Since I'm not deploying anywhere in the cloud, I can't use a proper CI/CD system to automate the necessary steps. Instead, I'm currently doing it manually. I will explore other solutions in the future, but sometimes the priority is to make it work before optimizing processes.

Makefile

To make things easier, I thought on creating a Makefile to automate the process by doing the following steps:

  • Build the image, tag it and push it to the local registry
  • Make use on envsubst to replace my .env.production variables to the placeholders of my Kubernetes files

Additionally there are some dev commands.

include resources/scripts/build.mk
 
SHELL := /bin/bash
K8S_DIR = resources/k8s/sell-it
 
install:
	@npm ci && npm run bower:install
 
dev: install
	@docker compose up -d && npm run dev
 
deploy: build push apply-yaml clean
 
apply-yaml:
	@echo "Applying ConfigMap and related resources..."
	@source .env.production && envsubst < "${K8S_DIR}/web/configmap.template.yaml" > "${K8S_DIR}/web/configmap.yaml"
	@envsubst < "${K8S_DIR}/web/deployment.template.yaml" > "${K8S_DIR}/web/deployment.yaml"
	@kubectl apply -f "${K8S_DIR}/web/configmap.yaml"
	@kubectl apply -f "${K8S_DIR}/web/deployment.yaml"
	@kubectl apply -f "${K8S_DIR}/web/service.yaml"
	@kubectl apply -f "${K8S_DIR}/mongodb"
 
clean:
	@echo "Cleaning up..."
	@rm "${K8S_DIR}/web/configmap.yaml"
	@rm "${K8S_DIR}/web/deployment.yaml"

And that's all, with this configuration we can run make deploy that will apply the new configuration to our Minikube cluster.

From this point there are other things we can do apart from optimizing the Makefile (there are some things like the building image process), the K8s files or the Dockerfile.

In addition I set a custom domain sell-it.localhost (the localhost is just to signal Chrome we are local and then use Secure options) to my /etc/hosts.

Finally, in order to access the site, I use minikube tunnel although you can use also minikube service <your-service>

Recap

In this chapter, my goal was to deploy the app and MongoDB in Minikube.

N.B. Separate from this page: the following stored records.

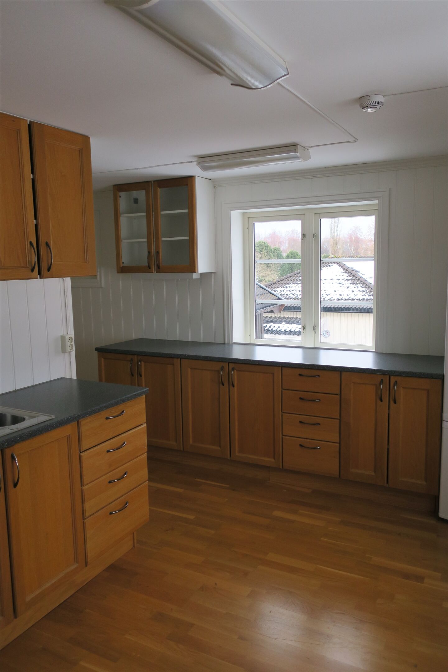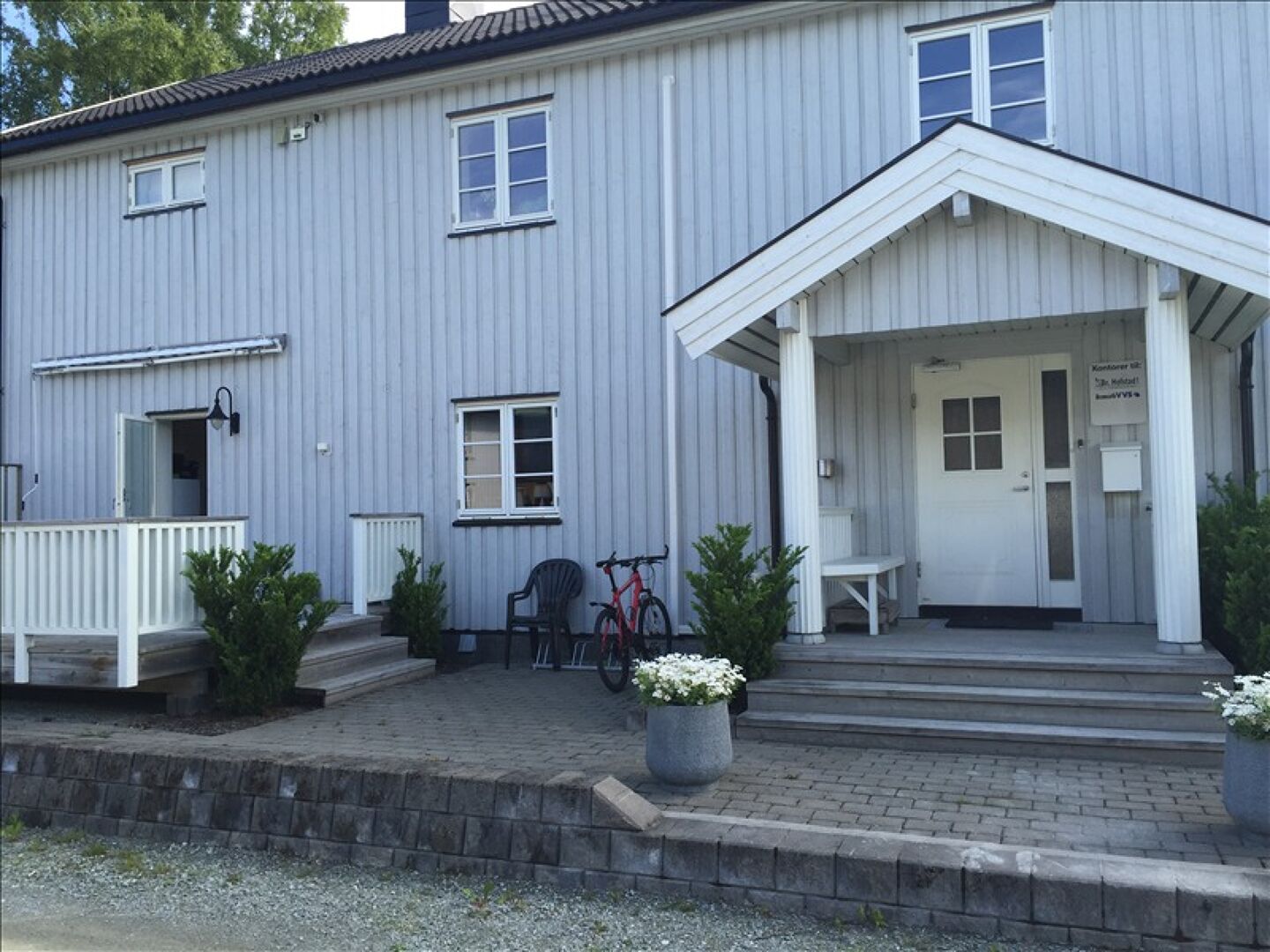 - I første etasje er det kontorlokaler og spiserom som leies ut til Brødrene Hofstad AS. Lokalene på kontordelen er på ca 65 m2, og består av tre kontor, ekspedisjonslokale, og bad/ toalett. Spiserommet er på ca 22m2
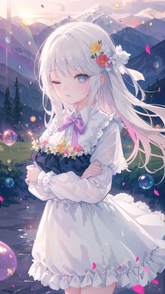 masterpiece,best quality,high detailed,1girl, solo,, smile, eyes closed, parted lips, arms out, outside, balloon, bonquet, cloud, sunset, mountains, grass, flowers, petals, (wind), breeze, rainbow,bubbles of imagination and fantasy, dim light, dreamy atmosphere,(depth of field, blurry, blurry background, bokeh:1.2)
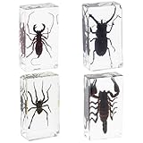 1st Heaven 4 Pcs Gothic Insect Specimens in Resin – Scorpion, Spider, Stag Beetle – Dark Creepy Specimen Collection for Halloween Decor & Curiosity Display – Includes ID Cards & Magnifying Glass
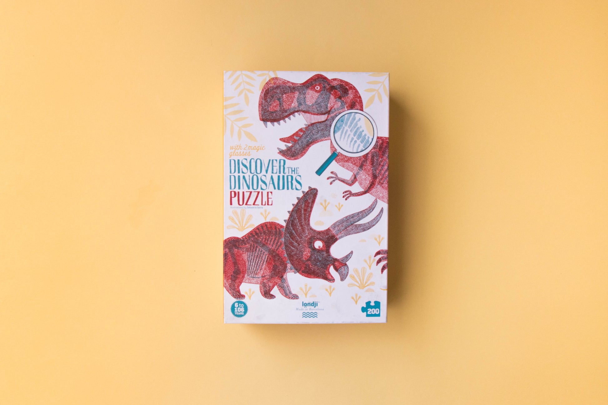 Guarda attraverso la lente d'ingrandimento blu e viaggia nel Giurassico di Londji. Scoprirai impressionanti Tyrannosaurus Rex, diplodochi e spinosauri che camminano in mezzo ai vulcani. Ora prendi la lente d'ingrandimento rossa e vedrai come le ossa fossilizzate di questi giganti sono diventate parte del museo di scienze naturali. Un puzzle molto originale, con una lente d'ingrandimento rossa viaggerai nel periodo Giurassico e con la lente d'ingrandimento blu scoprirai il museo.
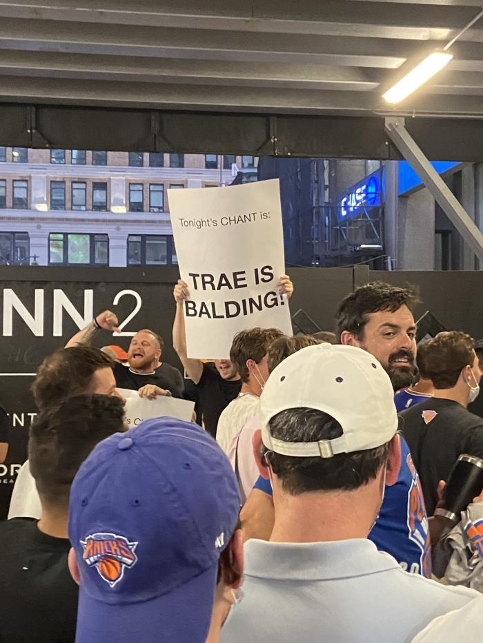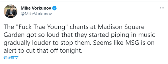 据Mike Vorkunov报道,麦迪逊花园球馆再次响起“Fxxk 特雷杨”谩骂声,当特雷杨跑进球场时,现场嘘声一片;尼克斯球迷高举“特雷杨秃顶”的标语,标语中还写着:特雷杨只有22岁,他的头发正在以惊人的速度变薄,他的头顶已经秃了。
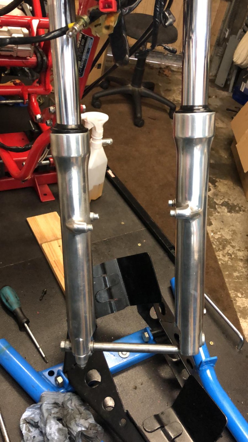 Der Gabelumbau ist keine große Sache. Die PC17 (CB450S) Standrohre passen ohne Änderung in die XBR Tauchrohre. Die Buchsen oben in den Tauchrohren sind bei beiden Gabeln identisch. Meine Gabel besteht aus PC15 Tauchrohren mit PC17 Standrohren und Innereien.
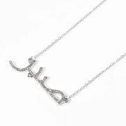 This exquisite custom necklace features your name in beautifully crafted Arabic script, elegantly encrusted with dazzling CZ stones for an eye-catching, radiant shine. Designed with a luxurious finish, this personalized piece is perfect for both everyday wear and special occasions.
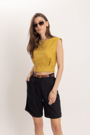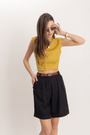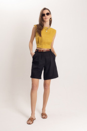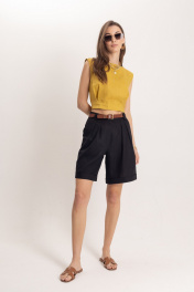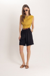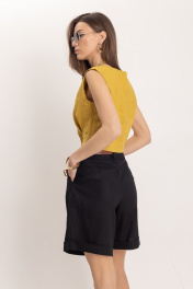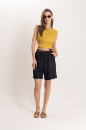 Черные летние леновые шорты с притачным поясом EZER 1301
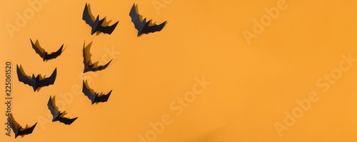 halloween, autumn, fall, holiday, event, bat, paper, black, 1, design, up high, overhead, topview, many, arrangement, collection, variety, assortment, background, solid, colours, orange, copy space, copy space, blank, border
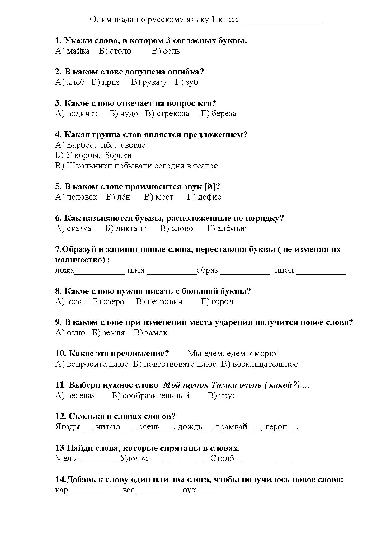 Олимпиада по русскому языку в первом классе на внутришкольном уровне проводится в два этапа.
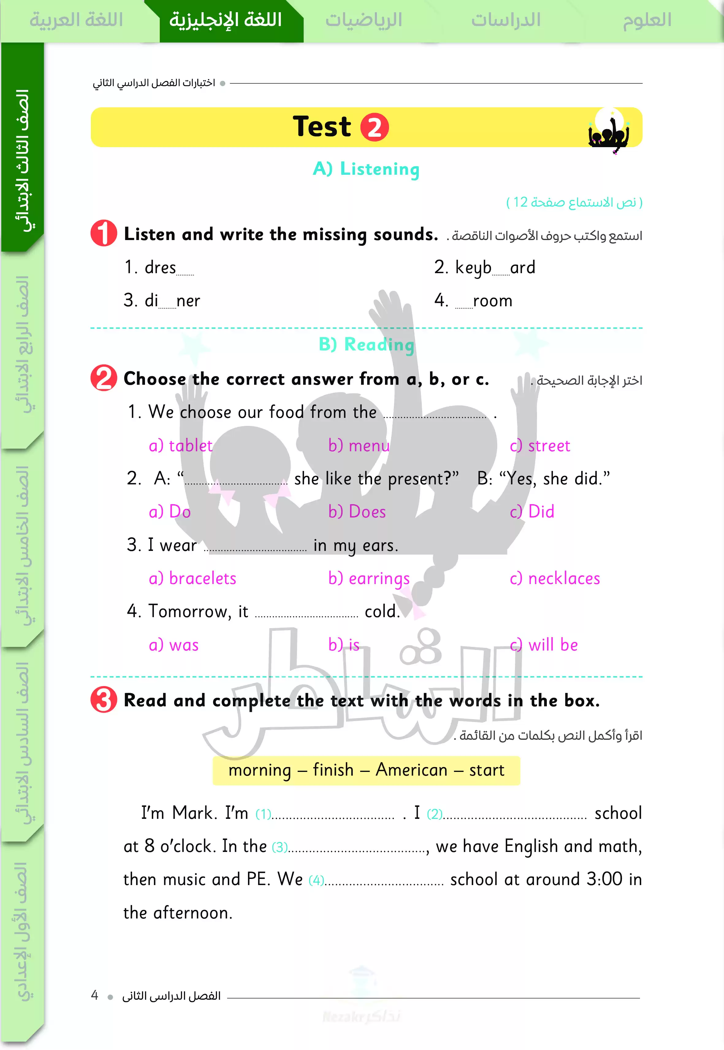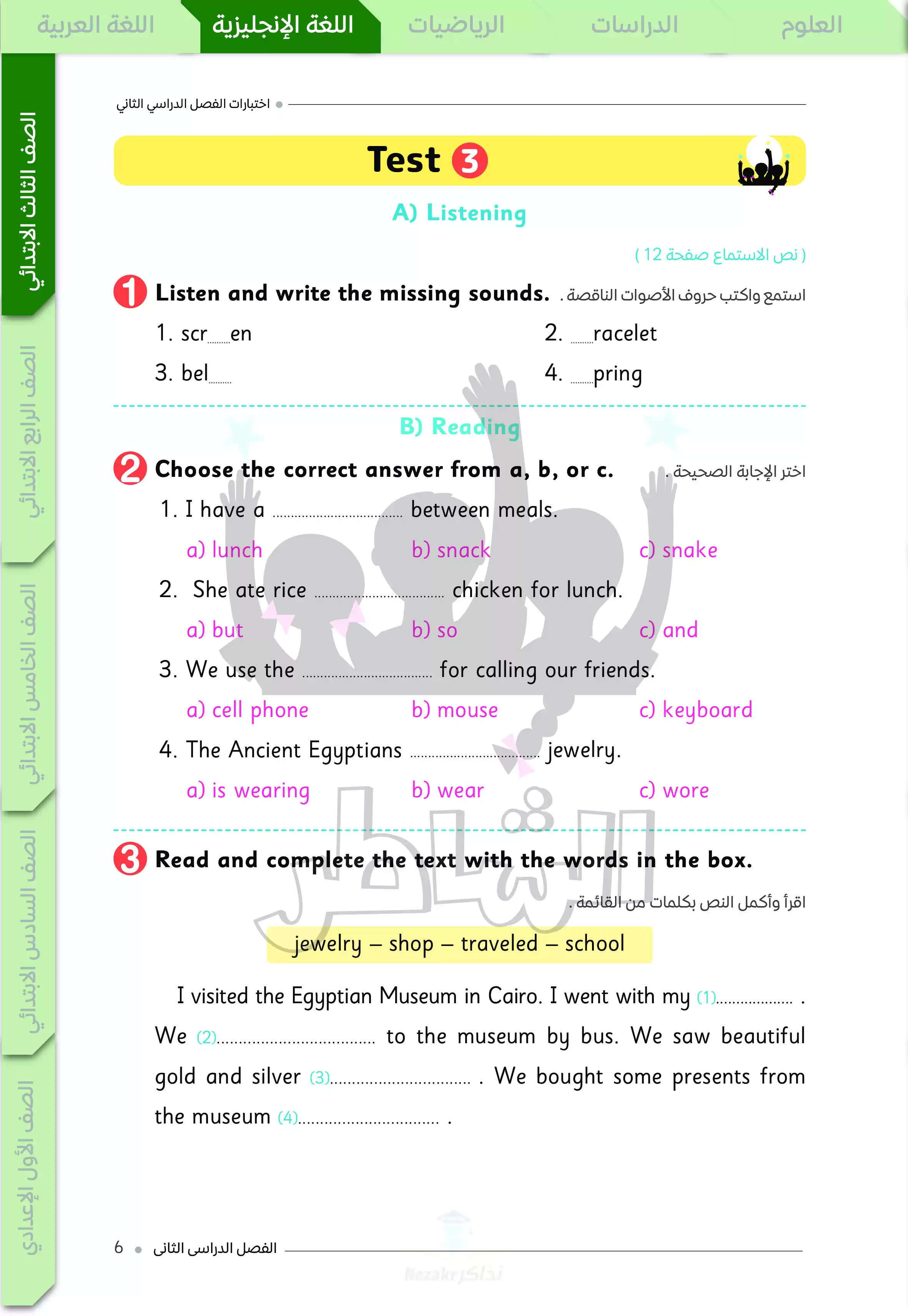 مرحباً بكم تلاميذ الصف الثالث الابتدائي، نقدم لكم نماذج اختبارات استرشادية في مادة اللغة الإنجليزية Connect 3لثالثة ابتدائي ترم ثاني 2025 من إعداد سلسلة كتب الشاطر، ويتكون الملف من نماذج امتحانات مميزة تغطية كافة أجزاء منهج الانجليزي للصف الثالث الابتدائي الفصل الدراسي الثاني، ليتمكن الطالب من خلالها من التدريب على نظام امتحان آخر العام وطريقة وضع الأسئلة الامتحانية، كما يتعود على شكل الامتحان وطريقه الإجابة على الأسئلة المختلفة في الإطار الزمني للامتحان.
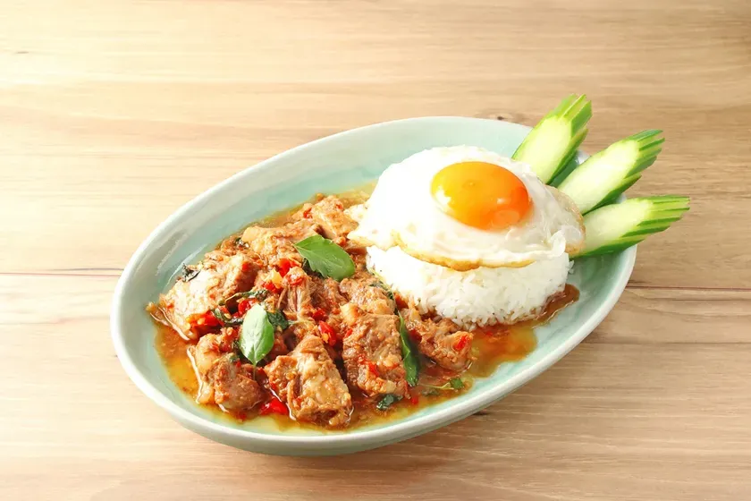 注目すべきは、千葉県市原市の自社農場「スースー・アグリ」で育ったフレッシュなタイの赤唐辛子(プリックデーン) やバイガパオ(ホーリーバジル) が惜しみなく使われている点。一口食べると、ハーブの力強い香りがふわっと広がり、その後に続く豚なんこつのコリコリとした食感と、上品な脂の甘みがたまらないハーモニーを奏でます。半熟の目玉焼きを崩して全体に絡めれば、まろやかなコクが加わり、さらに奥深い味わいに変化。食べるたびに、きっと笑顔になっちゃいますよ!
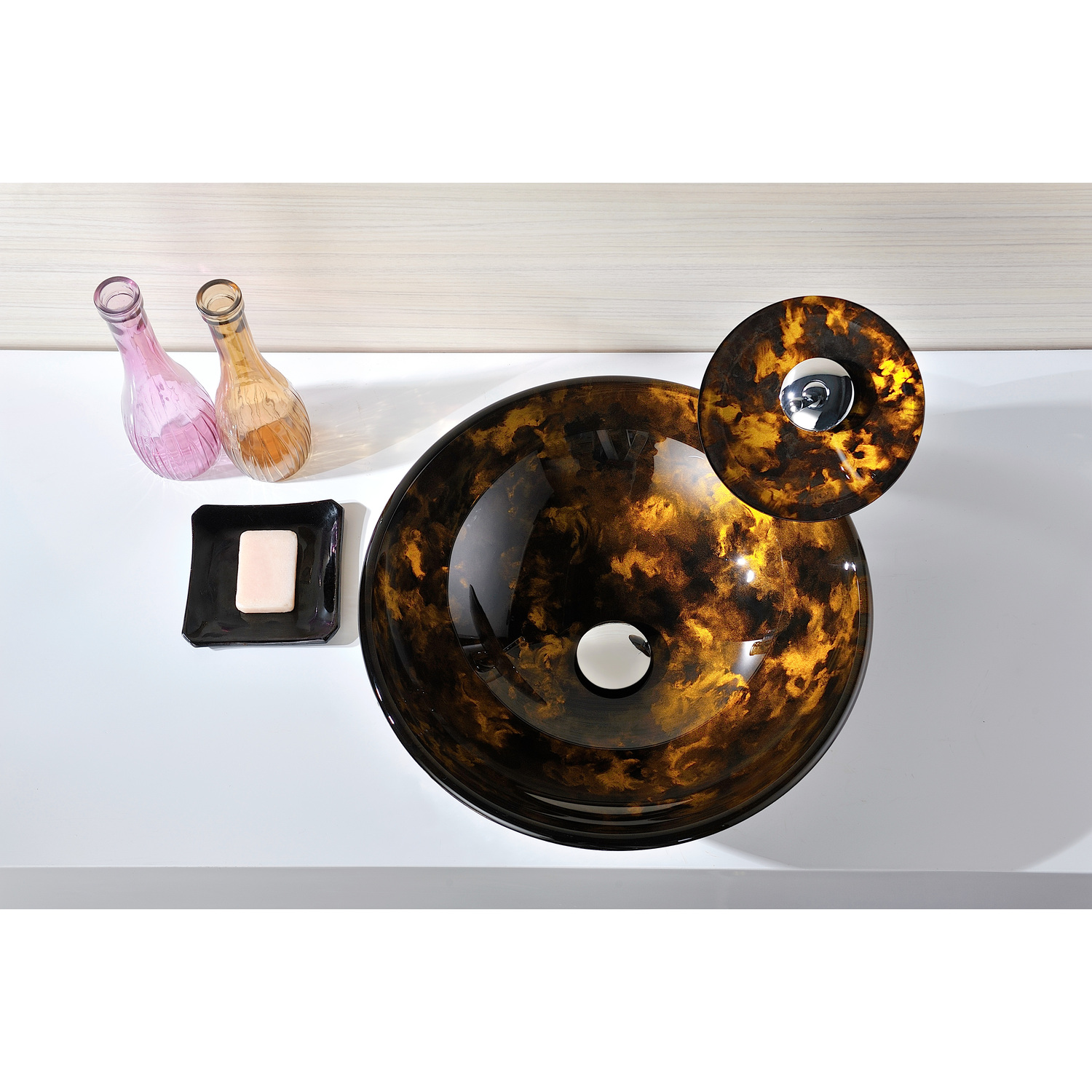 The ANZZI Toa Series sink is a traditionally crafted round vessel sink adorned in a Kindled Amber Finish. Each ANZZI vessel sink is formed using RHINO ALLOY certified high tempered Deco-Glass material. Additionally a matching Deco-Glass and chrome single handle waterfall faucet is bundled with vessel sink as a set. The result is a dynamically shaped and captivating vessel centerpiece for any bathroom counter.Kindled Amber FinishRHINO ALLOY certified Tempered Deco-Glass constructionScratch-tough and stain-resistant non-porous surfaceEasy-to-clean low maintenanceTop Mount installationDimensions: 16.5 in. L x 16.5 in. W x 5.75 in. HDeco-Glass thickness 1.75 in.Single handle matching Deco-Glass waterfall vessel faucet in chrome finish includedShips from factory within 24 hours once order is processedLifetime WarrantyTo speak to a knowledgeable and dedicated ANZZI specialist simply call 1-844-44-ANZZI or visit us on the web at www.ANZZI.comUse the following codes to search for additional vessel faucet options from ANZZI: L-AZ022 , L-AZ095 , L-AZ095BN , L-AZ096 , L-AZ096BN , L-AZ097 , L-AZ097BN , L-AZ040 , L-AZ041
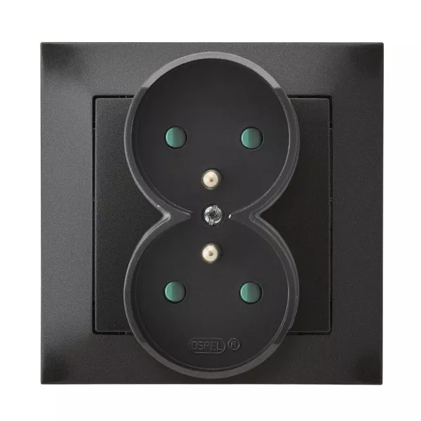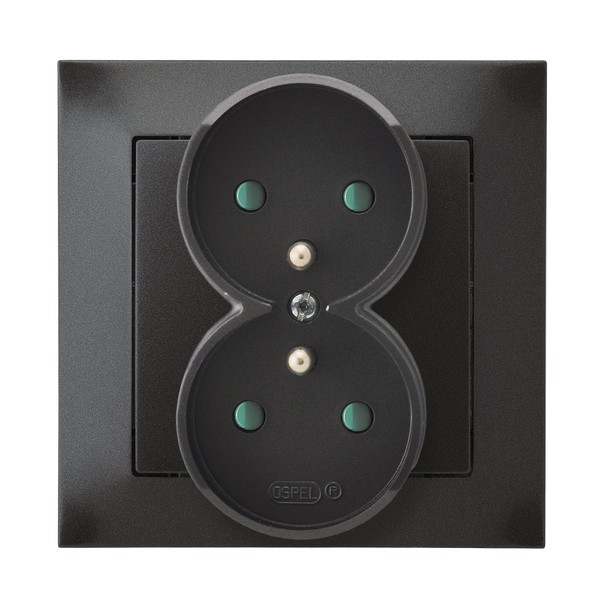 IMPRESJA Gniazdo podwójne z uziemieniem z przesłonami torów prądowych, kompletne z ramką - kolor antracyt

The experience has been interesting and fun, and it has sparked my interest to delve deeper into Kubernetes and related technologies.

Here are the code changes

Next steps

Now, I'm planning on populating the application with some data to make it more realistic and fix some issues. After that, I'm considering whether to start creating a frontend, decoupling some parts of the API, or simulating a desire for a new feature in the existing code. I'll give it some thought.